* **EXERCISE DIRECTIONS**
Your task is to write out every line of the data exactly. Drop the pictures.

---------- DATA SHOWN ----------

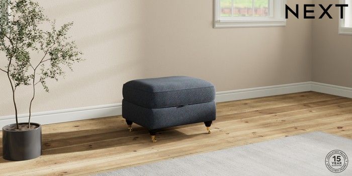 7.2.10 Ashford Relaxed Sit Storage Footstool Tweedy Chenille Navy Blue Castor - Dark | Made Click here to use our website with more accessibility support, for example screen readers
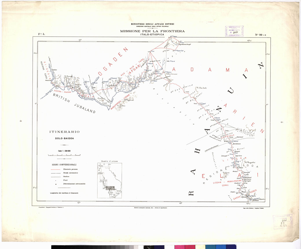 "(Ministero degli Affari Esteri. Direzione Centrale degli Affari Coloniali). I.G.M. Rappresentazione degli itinerari, seguiti dalla Missione inviata in Colonia per il tracciamento dei confini tra la Somalia e l'Abissinia. La Missione (Cap. Citerni, E. Grupelli e A. Venturi, topografi dell'I.G.M.) oltre il lavoro di tracciamento sul terreno del confine da Dolo all'Uebi Scebeli, compieva un rilievo regolare di Adis Abeba al 25.000, (vedere N° 67 d'ordine, N. 2039 d'inventario generale, Gruppo Eritrea) e rilevava poi 1'itinerario percorso attraverso la Somalia Italiana (Rovai, Egherta, Soblalle e Brava) per il ritorno in Patria. L'itinerario veniva accuratamente rilevato alla bussola servendosi della tavoletta Trinquier e veniva fissato sulle determinazioni astronomiche di Harrar, Adis Abeba, Dolo e Brava, e su altre numerose determinazioni di latitudine e longitudine. Per le altimetrie servirono le osservazioni termo-barometriche. I risultati topografici, originariamente alla scala di 1:100.000, furono suddivisi, nella riduzione al 500.000, in sei fogli comprendenti rispettivamente gli itinerari di: Arrar-Auasc, Auasc-Gobà, Gobà-Ganale, Dolo-Baidoa, Baidoa-Brava. La stampa è a colori con orografia in bistro, idrografia in azzurro, carovaniere e sentieri in nero, itinerari percorsi in rosso. Ciascun foglio contiene un quadro d'unione. Le longitudini furono riferite al meridiano di Greenwich. L'itinerario costituisce un prezioso contributo cartografico."
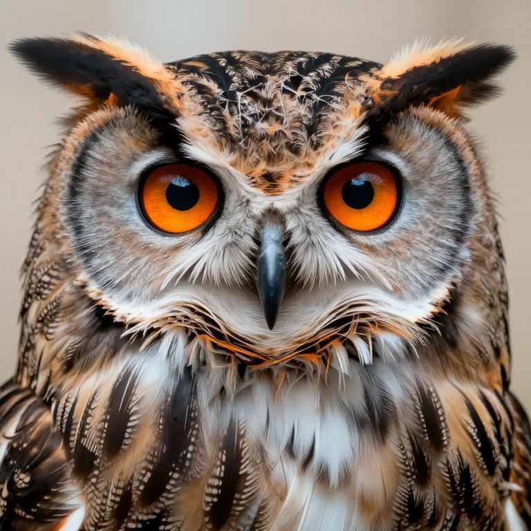 A hyper-realistic digital rendering of an owl, featuring vibrant orange eyes and intricate feather details, exudes a surreal, otherworldly presence as its piercing gaze and mirrored beak evoke a sense of fractured reality transforming into mesmerizing patterns.
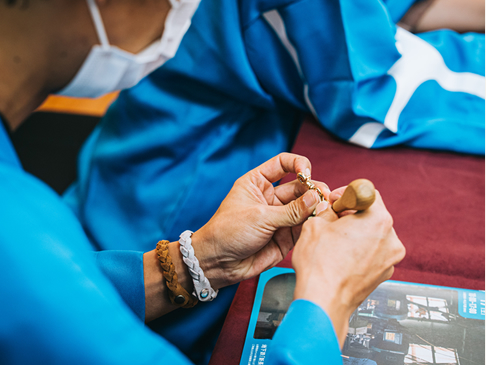 御守り制作では、当社の廃材を一部活用し、くつのまち・長田にゆかりのある同業者や加工会社の皆さまにもご協力をお願いしました。廃材の提供や加工など、それぞれの専門性を活かした形で支援いただき、地域のつながりを大切にした取り組みとして実施しています。
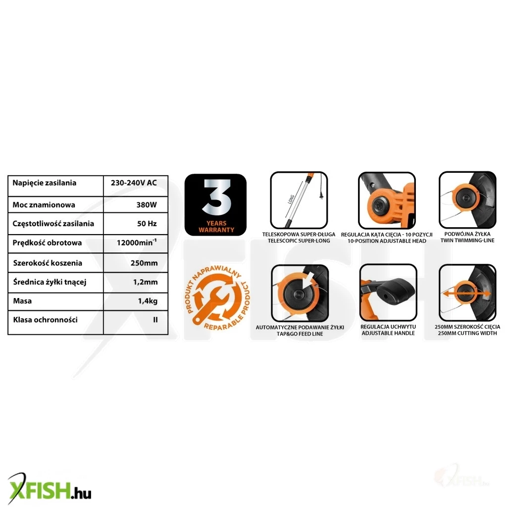 A teleszkópos nyél lehetővé teszi, hogy a szegélynyírót az Ön számára legkényelmesebb magasságba állítsa, csökkentve ezzel a fizikai megterhelést hosszas használat esetén. A 380W-os motor elegendő erőt biztosít ahhoz, hogy akár sűrűbb fűben is akadálytalanul dolgozhasson, garantálva a precíz és egyenletes vágást.
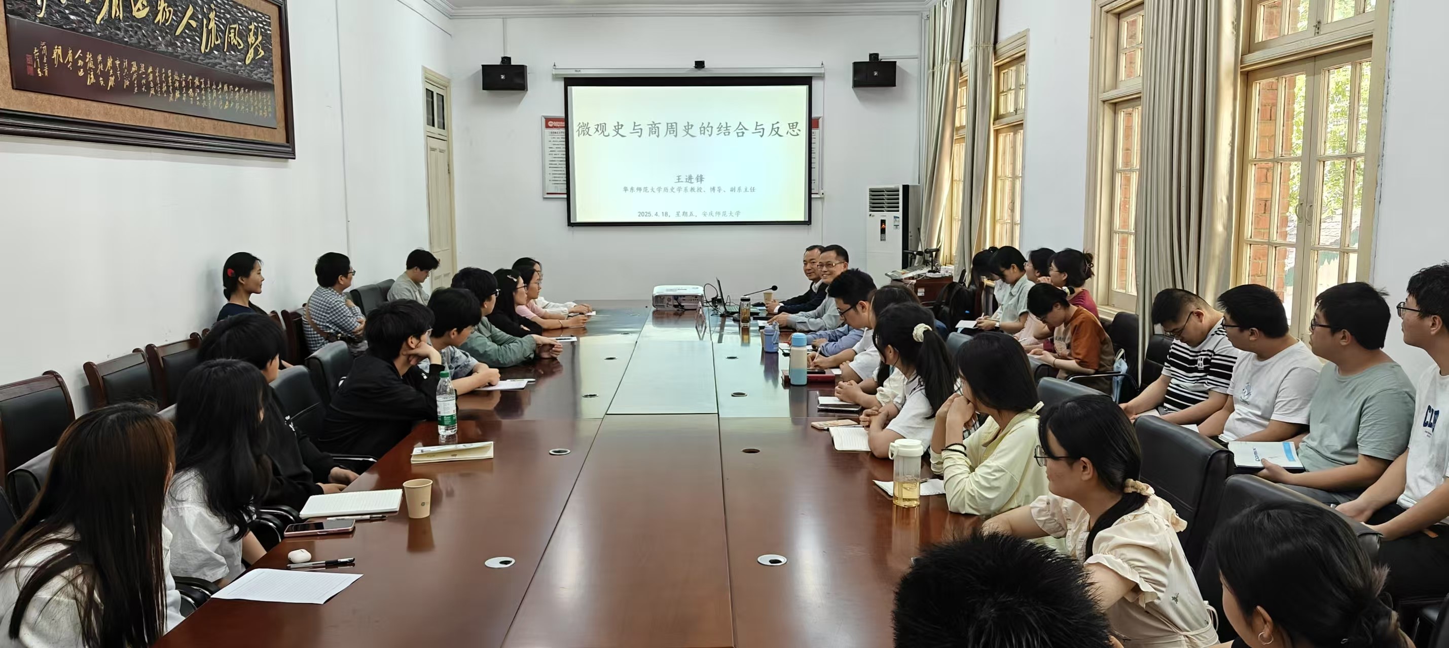 4月18日,华东师范大学历史学系副系主任、博士生导师王进锋教授应邀做客敬敷人文讲坛,在菱湖校区二楼会议室作题为“微观史和商周史的结合与反思”的学术讲座。本次讲座由人文学院副院长沈志富教授主持,人文学院部分青年教师和研究生、本科生参与活动。

----------

* **RESULT OF THIS EXERCISE**
 7.2.10 Ashford Relaxed Sit Storage Footstool Tweedy Chenille Navy Blue Castor - Dark | Made Click here to use our website with more accessibility support, for example screen readers
 "(Ministero degli Affari Esteri. Direzione Centrale degli Affari Coloniali). I.G.M. Rappresentazione degli itinerari, seguiti dalla Missione inviata in Colonia per il tracciamento dei confini tra la Somalia e l'Abissinia. La Missione (Cap. Citerni, E. Grupelli e A. Venturi, topografi dell'I.G.M.) oltre il lavoro di tracciamento sul terreno del confine da Dolo all'Uebi Scebeli, compieva un rilievo regolare di Adis Abeba al 25.000, (vedere N° 67 d'ordine, N. 2039 d'inventario generale, Gruppo Eritrea) e rilevava poi 1'itinerario percorso attraverso la Somalia Italiana (Rovai, Egherta, Soblalle e Brava) per il ritorno in Patria. L'itinerario veniva accuratamente rilevato alla bussola servendosi della tavoletta Trinquier e veniva fissato sulle determinazioni astronomiche di Harrar, Adis Abeba, Dolo e Brava, e su altre numerose determinazioni di latitudine e longitudine. Per le altimetrie servirono le osservazioni termo-barometriche. I risultati topografici, originariamente alla scala di 1:100.000, furono suddivisi, nella riduzione al 500.000, in sei fogli comprendenti rispettivamente gli itinerari di: Arrar-Auasc, Auasc-Gobà, Gobà-Ganale, Dolo-Baidoa, Baidoa-Brava. La stampa è a colori con orografia in bistro, idrografia in azzurro, carovaniere e sentieri in nero, itinerari percorsi in rosso. Ciascun foglio contiene un quadro d'unione. Le longitudini furono riferite al meridiano di Greenwich. L'itinerario costituisce un prezioso contributo cartografico."
 A hyper-realistic digital rendering of an owl, featuring vibrant orange eyes and intricate feather details, exudes a surreal, otherworldly presence as its piercing gaze and mirrored beak evoke a sense of fractured reality transforming into mesmerizing patterns.
 御守り制作では、当社の廃材を一部活用し、くつのまち・長田にゆかりのある同業者や加工会社の皆さまにもご協力をお願いしました。廃材の提供や加工など、それぞれの専門性を活かした形で支援いただき、地域のつながりを大切にした取り組みとして実施しています。
 A teleszkópos nyél lehetővé teszi, hogy a szegélynyírót az Ön számára legkényelmesebb magasságba állítsa, csökkentve ezzel a fizikai megterhelést hosszas használat esetén. A 380W-os motor elegendő erőt biztosít ahhoz, hogy akár sűrűbb fűben is akadálytalanul dolgozhasson, garantálva a precíz és egyenletes vágást.
 4月18日,华东师范大学历史学系副系主任、博士生导师王进锋教授应邀做客敬敷人文讲坛,在菱湖校区二楼会议室作题为“微观史和商周史的结合与反思”的学术讲座。本次讲座由人文学院副院长沈志富教授主持,人文学院部分青年教师和研究生、本科生参与活动。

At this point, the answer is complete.